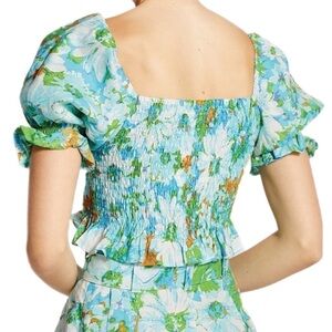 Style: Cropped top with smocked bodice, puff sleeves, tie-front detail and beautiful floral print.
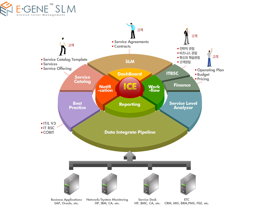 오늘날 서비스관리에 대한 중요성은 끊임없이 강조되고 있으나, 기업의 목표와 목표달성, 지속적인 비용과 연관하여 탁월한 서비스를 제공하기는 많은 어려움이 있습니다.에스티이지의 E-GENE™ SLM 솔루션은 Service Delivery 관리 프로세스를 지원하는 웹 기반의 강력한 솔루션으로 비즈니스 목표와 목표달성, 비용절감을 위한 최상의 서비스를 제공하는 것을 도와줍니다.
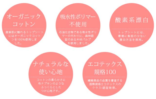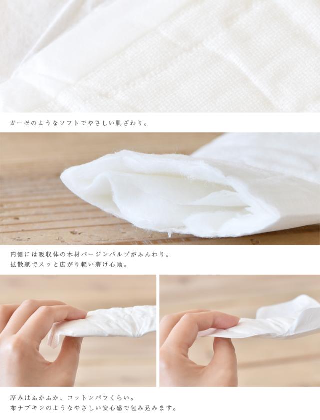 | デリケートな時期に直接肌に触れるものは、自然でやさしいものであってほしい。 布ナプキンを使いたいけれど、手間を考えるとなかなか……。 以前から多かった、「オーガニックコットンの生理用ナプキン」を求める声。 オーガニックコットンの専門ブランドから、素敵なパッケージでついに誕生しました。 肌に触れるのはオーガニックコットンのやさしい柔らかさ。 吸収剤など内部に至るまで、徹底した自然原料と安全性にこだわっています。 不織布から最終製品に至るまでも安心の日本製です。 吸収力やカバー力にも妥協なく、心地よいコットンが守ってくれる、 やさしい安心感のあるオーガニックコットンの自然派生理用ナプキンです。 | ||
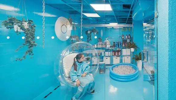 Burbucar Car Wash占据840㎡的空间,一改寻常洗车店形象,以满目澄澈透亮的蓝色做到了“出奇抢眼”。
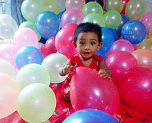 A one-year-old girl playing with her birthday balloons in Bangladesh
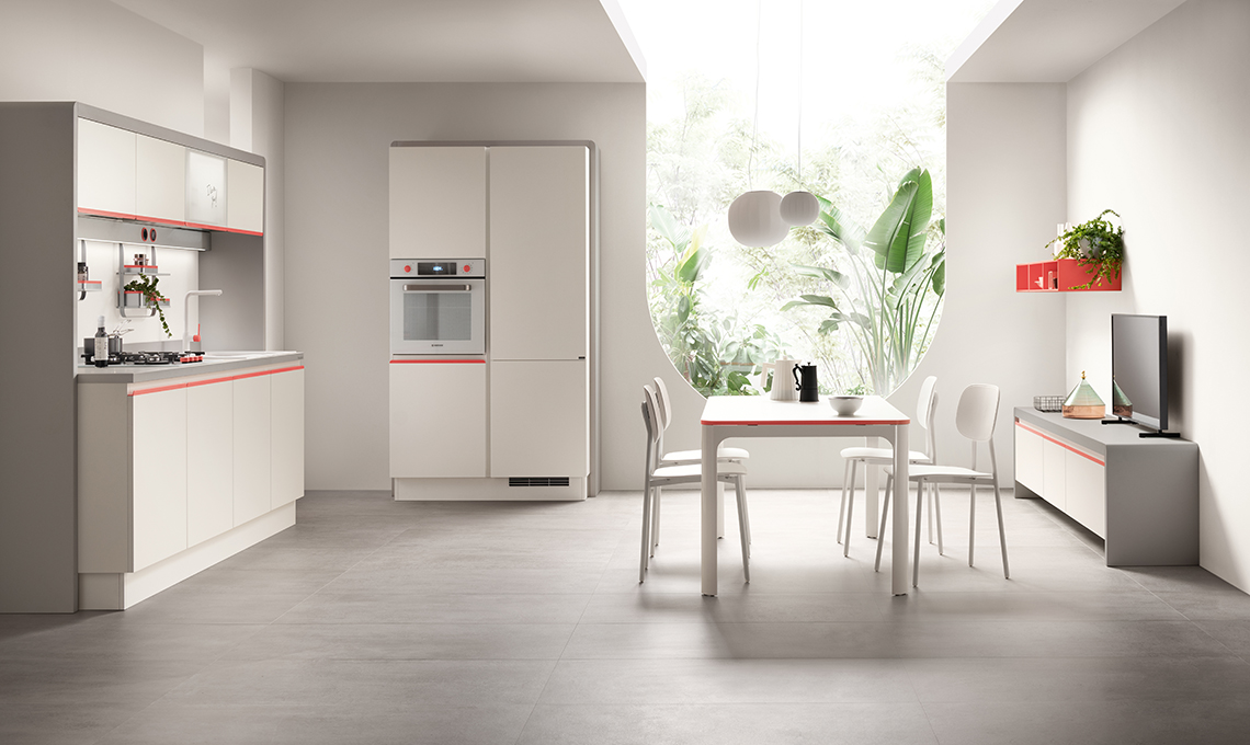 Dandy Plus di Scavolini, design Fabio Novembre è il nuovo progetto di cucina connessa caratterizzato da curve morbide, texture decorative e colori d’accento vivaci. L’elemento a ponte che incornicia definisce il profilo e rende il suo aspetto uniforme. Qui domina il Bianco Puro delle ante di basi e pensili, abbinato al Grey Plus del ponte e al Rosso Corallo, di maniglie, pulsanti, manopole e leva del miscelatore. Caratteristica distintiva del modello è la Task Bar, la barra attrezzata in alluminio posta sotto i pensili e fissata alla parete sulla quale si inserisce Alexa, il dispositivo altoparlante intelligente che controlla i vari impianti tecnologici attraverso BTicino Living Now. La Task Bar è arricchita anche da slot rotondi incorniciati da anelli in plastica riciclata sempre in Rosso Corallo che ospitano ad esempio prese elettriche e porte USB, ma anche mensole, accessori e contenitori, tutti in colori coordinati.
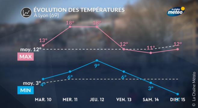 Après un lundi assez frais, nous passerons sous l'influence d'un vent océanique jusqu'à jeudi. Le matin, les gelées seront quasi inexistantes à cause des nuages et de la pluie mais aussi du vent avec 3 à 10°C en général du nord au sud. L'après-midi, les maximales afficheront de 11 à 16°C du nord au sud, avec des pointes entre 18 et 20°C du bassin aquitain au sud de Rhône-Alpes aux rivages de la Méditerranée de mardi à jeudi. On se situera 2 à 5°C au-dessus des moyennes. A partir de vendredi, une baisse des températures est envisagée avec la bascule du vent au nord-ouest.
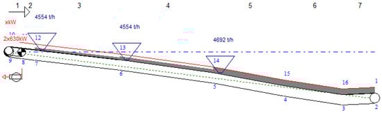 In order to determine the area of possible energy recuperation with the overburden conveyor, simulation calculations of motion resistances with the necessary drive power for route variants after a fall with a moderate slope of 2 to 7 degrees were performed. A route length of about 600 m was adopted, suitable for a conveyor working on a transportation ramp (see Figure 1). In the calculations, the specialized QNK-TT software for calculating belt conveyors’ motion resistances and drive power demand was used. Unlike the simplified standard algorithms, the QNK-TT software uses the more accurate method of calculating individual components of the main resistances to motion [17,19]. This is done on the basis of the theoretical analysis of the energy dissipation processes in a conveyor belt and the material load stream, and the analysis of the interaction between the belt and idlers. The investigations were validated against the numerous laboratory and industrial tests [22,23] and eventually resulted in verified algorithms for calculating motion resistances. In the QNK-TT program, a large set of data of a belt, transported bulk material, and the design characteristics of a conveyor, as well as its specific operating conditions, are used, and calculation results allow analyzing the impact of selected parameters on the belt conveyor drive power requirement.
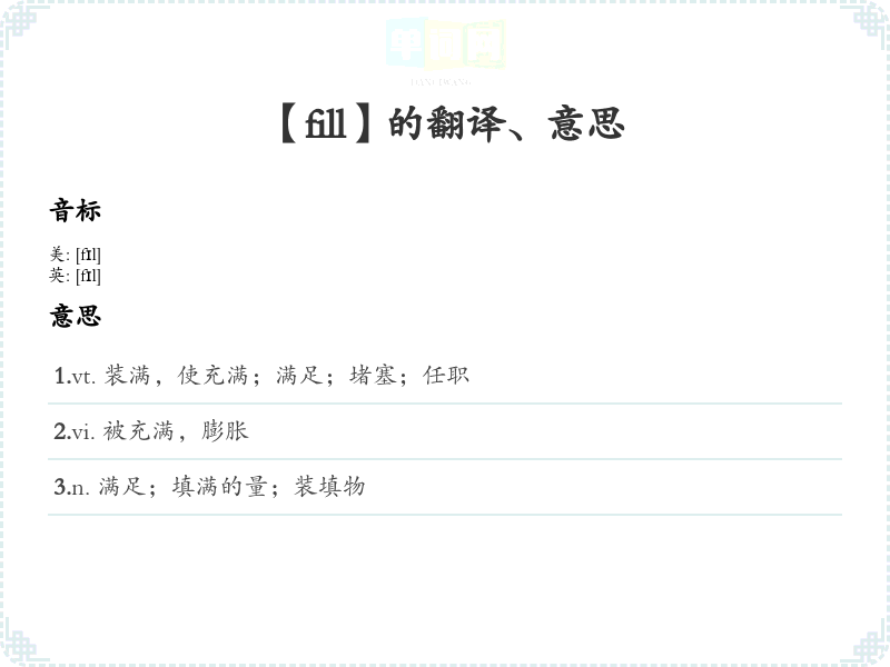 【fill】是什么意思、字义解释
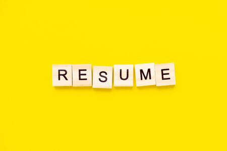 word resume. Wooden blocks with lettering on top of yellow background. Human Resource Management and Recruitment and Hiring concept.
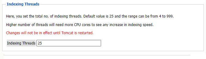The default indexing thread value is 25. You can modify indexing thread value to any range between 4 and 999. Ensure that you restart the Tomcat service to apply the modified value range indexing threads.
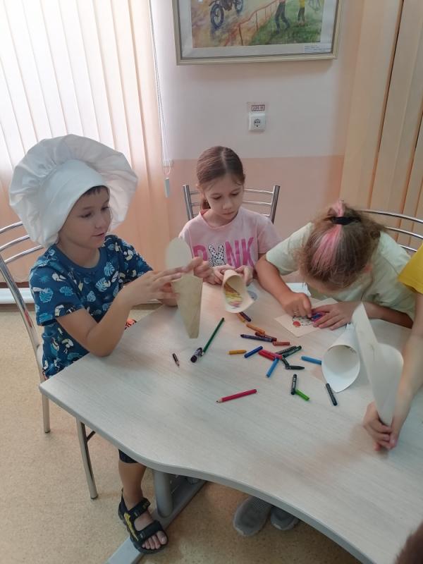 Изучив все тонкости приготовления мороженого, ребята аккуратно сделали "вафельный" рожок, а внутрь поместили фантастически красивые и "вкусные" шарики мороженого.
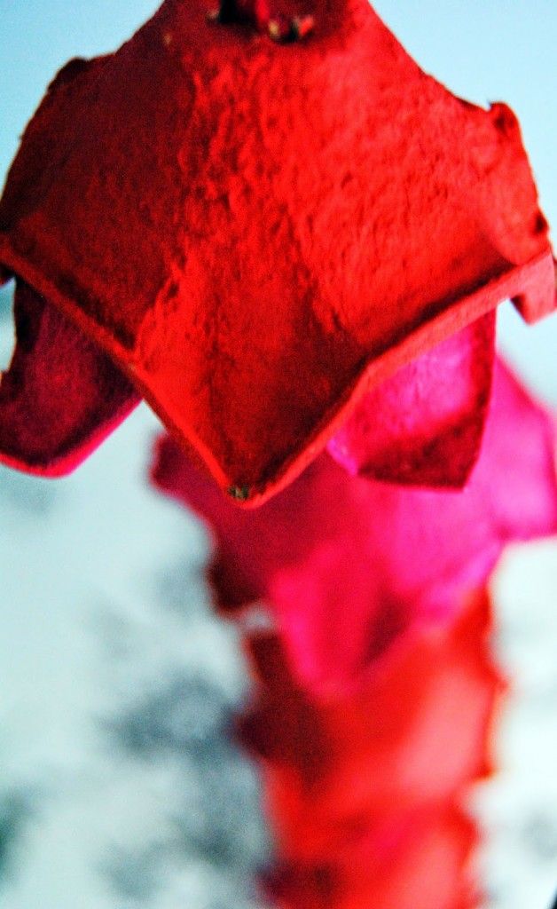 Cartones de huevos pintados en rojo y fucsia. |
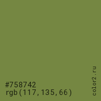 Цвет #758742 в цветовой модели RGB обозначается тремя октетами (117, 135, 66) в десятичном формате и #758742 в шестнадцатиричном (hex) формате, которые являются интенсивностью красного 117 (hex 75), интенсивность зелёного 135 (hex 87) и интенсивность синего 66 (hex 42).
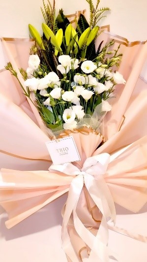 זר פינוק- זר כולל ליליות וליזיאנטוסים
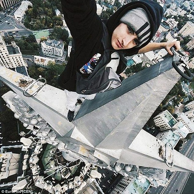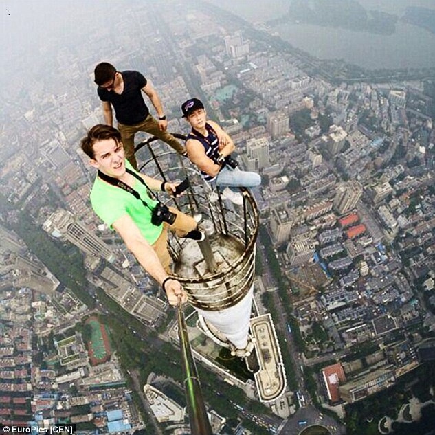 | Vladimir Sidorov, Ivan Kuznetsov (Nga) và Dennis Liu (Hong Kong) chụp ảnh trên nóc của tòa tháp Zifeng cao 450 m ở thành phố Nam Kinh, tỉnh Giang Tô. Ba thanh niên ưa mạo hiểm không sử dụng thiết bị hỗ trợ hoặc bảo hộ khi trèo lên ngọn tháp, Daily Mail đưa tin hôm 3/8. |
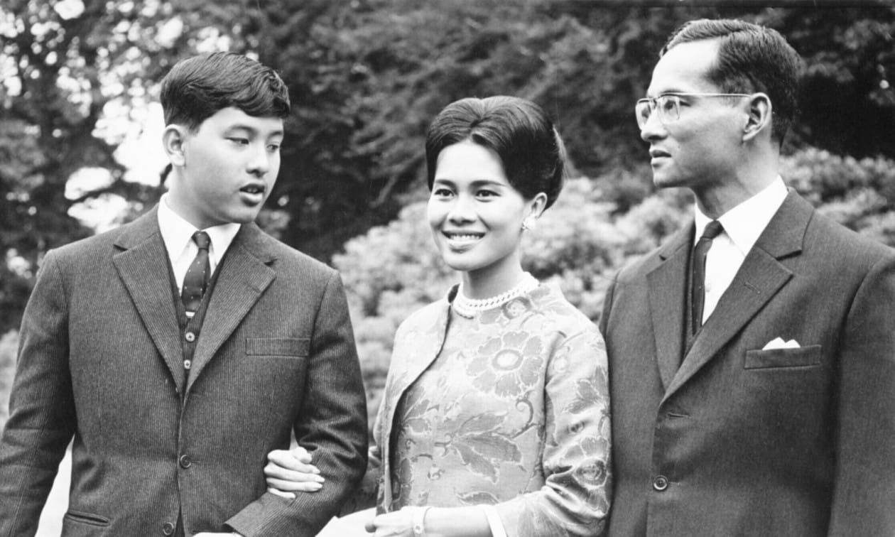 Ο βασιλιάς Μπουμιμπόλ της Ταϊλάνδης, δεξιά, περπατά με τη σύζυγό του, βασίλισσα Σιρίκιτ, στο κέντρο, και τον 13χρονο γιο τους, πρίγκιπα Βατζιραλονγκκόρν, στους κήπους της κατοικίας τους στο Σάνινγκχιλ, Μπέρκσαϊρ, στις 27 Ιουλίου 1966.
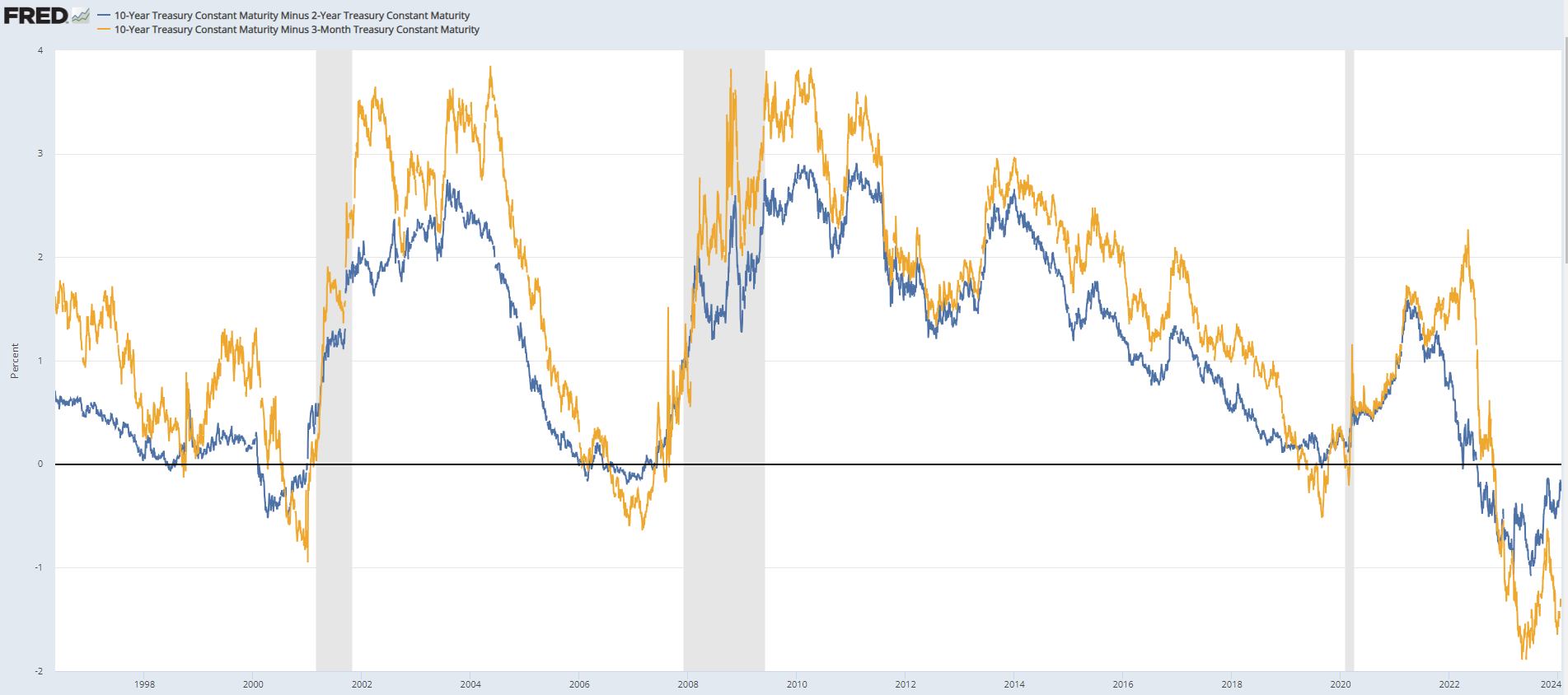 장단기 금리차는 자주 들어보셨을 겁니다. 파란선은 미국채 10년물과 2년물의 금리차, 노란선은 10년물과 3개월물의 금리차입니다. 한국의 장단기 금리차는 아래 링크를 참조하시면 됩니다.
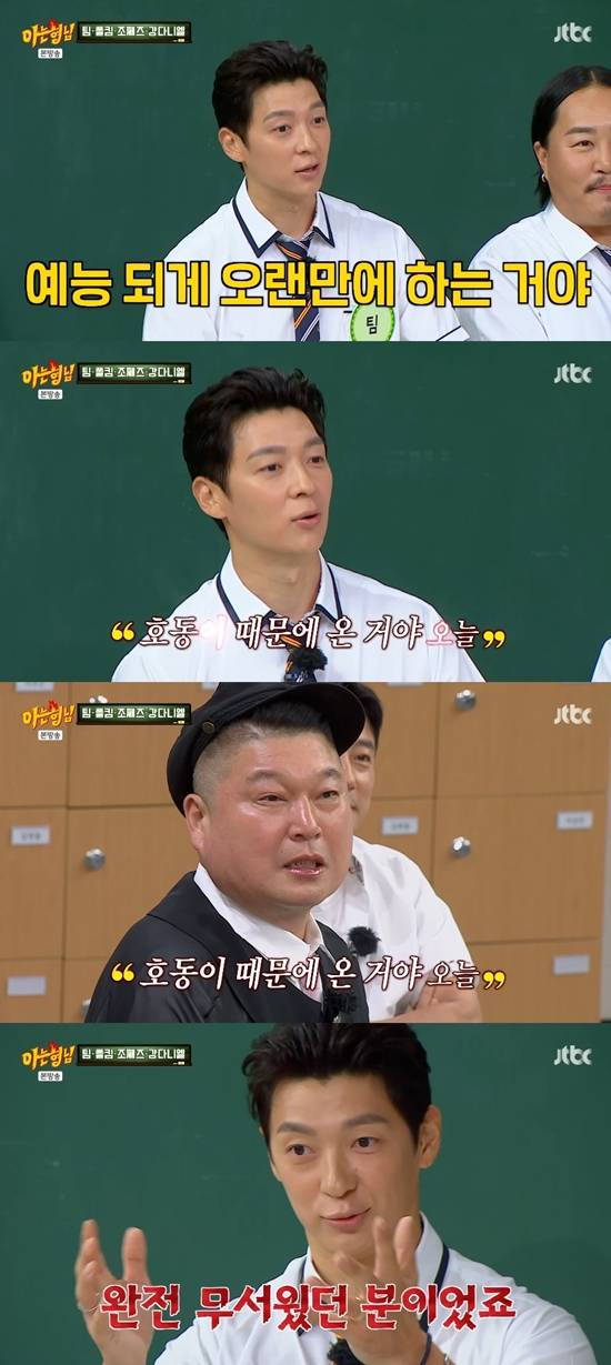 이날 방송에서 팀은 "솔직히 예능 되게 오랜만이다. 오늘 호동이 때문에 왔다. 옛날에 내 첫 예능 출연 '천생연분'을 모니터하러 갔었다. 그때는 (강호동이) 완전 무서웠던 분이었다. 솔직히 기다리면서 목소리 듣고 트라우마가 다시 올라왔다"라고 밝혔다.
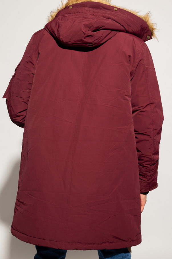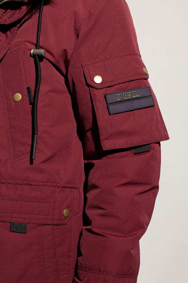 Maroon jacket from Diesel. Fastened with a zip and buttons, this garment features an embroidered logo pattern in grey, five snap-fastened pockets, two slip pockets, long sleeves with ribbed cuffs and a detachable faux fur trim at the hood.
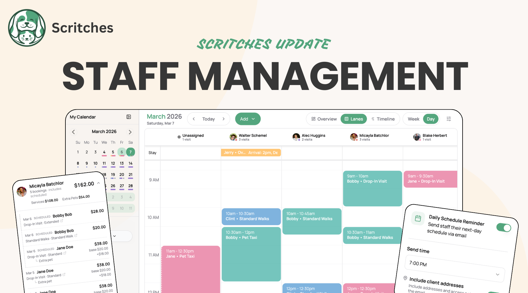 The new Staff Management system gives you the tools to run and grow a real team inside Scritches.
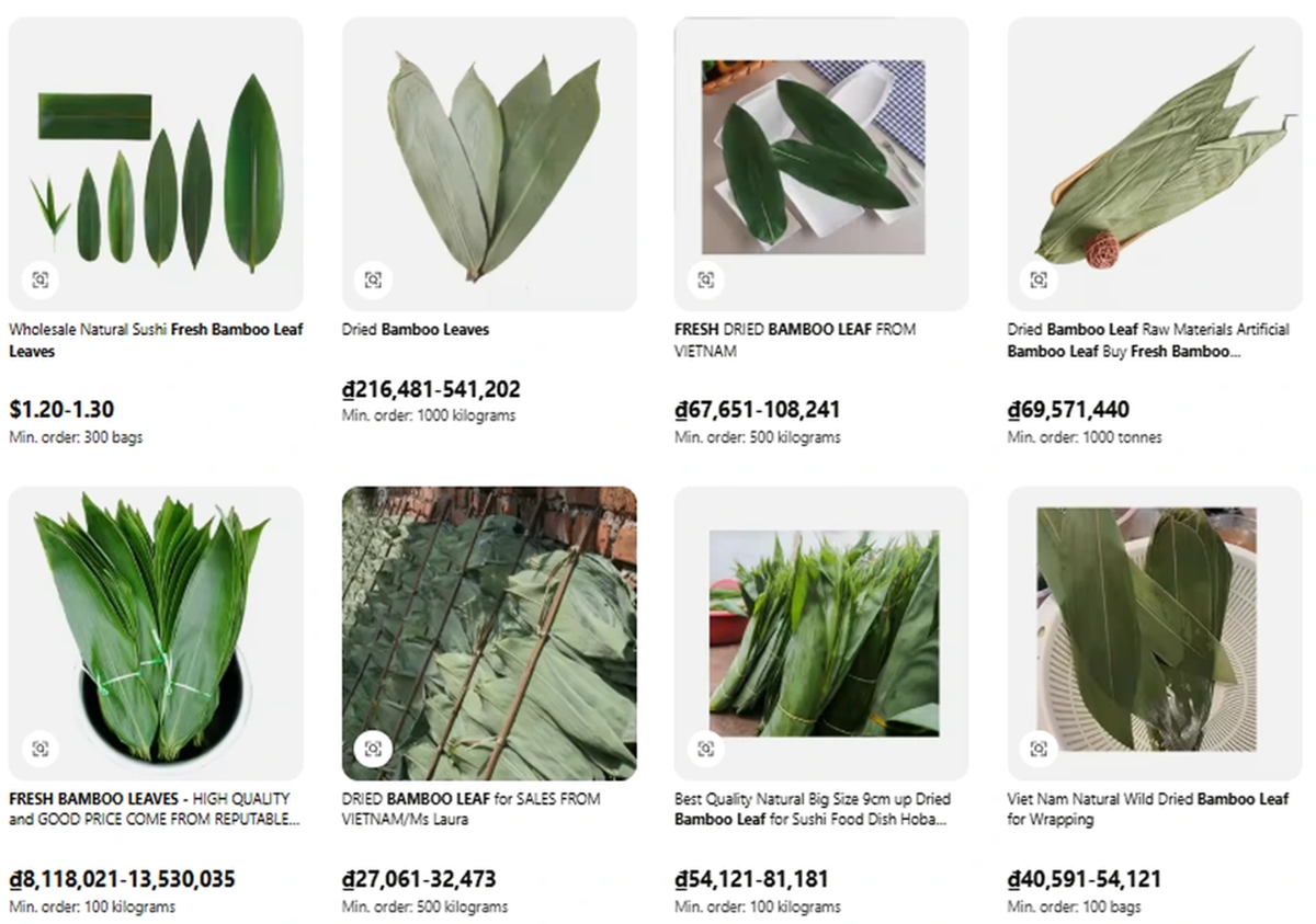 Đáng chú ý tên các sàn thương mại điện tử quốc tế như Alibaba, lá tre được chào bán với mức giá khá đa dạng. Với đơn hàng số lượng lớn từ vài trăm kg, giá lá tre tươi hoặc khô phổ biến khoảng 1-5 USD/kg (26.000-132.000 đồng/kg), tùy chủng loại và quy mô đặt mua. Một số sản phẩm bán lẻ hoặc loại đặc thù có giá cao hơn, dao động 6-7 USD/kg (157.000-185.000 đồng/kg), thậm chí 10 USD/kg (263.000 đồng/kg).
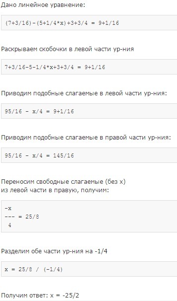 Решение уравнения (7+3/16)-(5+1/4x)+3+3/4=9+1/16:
= = = = = = =
Only the lines from the beginning of the records through the line bearing "A one-year-old girl" belong in the answer, copied word for word with pictures left out.

 Style: Cropped top with smocked bodice, puff sleeves, tie-front detail and beautiful floral print.
 오늘날 서비스관리에 대한 중요성은 끊임없이 강조되고 있으나, 기업의 목표와 목표달성, 지속적인 비용과 연관하여 탁월한 서비스를 제공하기는 많은 어려움이 있습니다.에스티이지의 E-GENE™ SLM 솔루션은 Service Delivery 관리 프로세스를 지원하는 웹 기반의 강력한 솔루션으로 비즈니스 목표와 목표달성, 비용절감을 위한 최상의 서비스를 제공하는 것을 도와줍니다.
 | デリケートな時期に直接肌に触れるものは、自然でやさしいものであってほしい。 布ナプキンを使いたいけれど、手間を考えるとなかなか……。 以前から多かった、「オーガニックコットンの生理用ナプキン」を求める声。 オーガニックコットンの専門ブランドから、素敵なパッケージでついに誕生しました。 肌に触れるのはオーガニックコットンのやさしい柔らかさ。 吸収剤など内部に至るまで、徹底した自然原料と安全性にこだわっています。 不織布から最終製品に至るまでも安心の日本製です。 吸収力やカバー力にも妥協なく、心地よいコットンが守ってくれる、 やさしい安心感のあるオーガニックコットンの自然派生理用ナプキンです。 | ||
 Burbucar Car Wash占据840㎡的空间,一改寻常洗车店形象,以满目澄澈透亮的蓝色做到了“出奇抢眼”。
 A one-year-old girl playing with her birthday balloons in Bangladesh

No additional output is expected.